In a subchronic repeated dose toxicity supporting study (Equivalent or similar to OECD 409), Ethyl Maltol was adminitered to 4 groups of male and female Beagle dogs (4/group, not distributed according to sex) by capsule at dose levels of 0, 125, 250, 500 mg/kg daily for 90 days.  No effects were observed on clinical signs, mortality, body weight, food consumption, ophthalmological, haematological, urinalysis and organ weight. No abnormalities observed in behaviour. No neuropathological indications from cage side observations or histological examination of the brain, cervical spinal cord or hypophysis. At clinical biochemistry, all dogs receiving the highest dose of ethyl maltol showed elevated serum bilirubin levels at 30 days until termination. Two of the dogs receiving the lowest dose showed elevated serum bilirubin levels at 30 days  which returned to normal at later timepoints. Microscopically, changes were noted in the livers of dogs receiving 250 mg/kg bw/day ethyl maltol. The change was distinguished by a few to moderate number of Kupffer cells containing hemosiderin wit h small amounts of intracellular bilirubin. At the 125 mg/kg bw/day level, a few to moderate number of hemosiderin-laden Kupffer cells, but no hepatocellular bilirubin, was observed.  As the observed abnormal cells were few to moderate, the change is considered adaptive. The NOAEL (male/female) was 250 mg/kg bw/day.

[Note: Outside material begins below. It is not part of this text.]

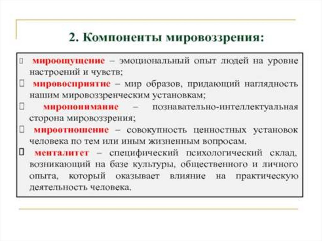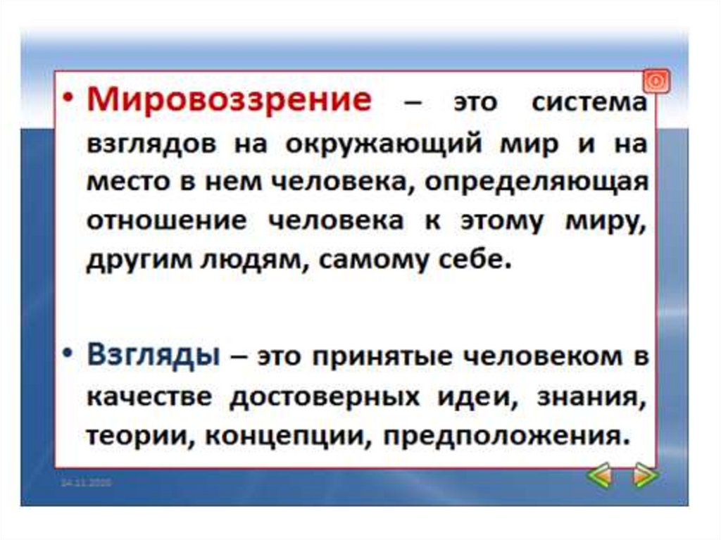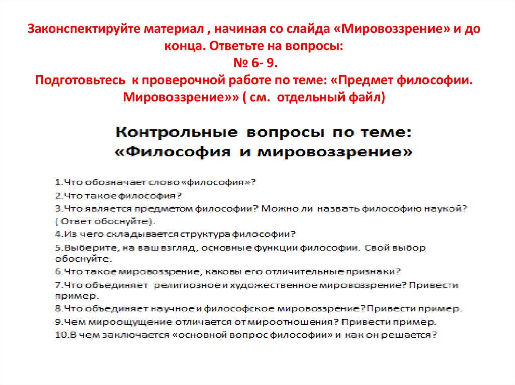 Законспектируйте материал , начиная со слайда «Мировоззрение» и до

The data was acceptable to use in the human health risk assessment.

Justification for classification or non-classification

Based on the available information in the dossier, the substance Ethyl Maltol (CAS No. 4940-11-8) does not need to be classified as specific target organ toxicity (repeated) when considering the criteria outlined in Annex I of 1272/2008/EC.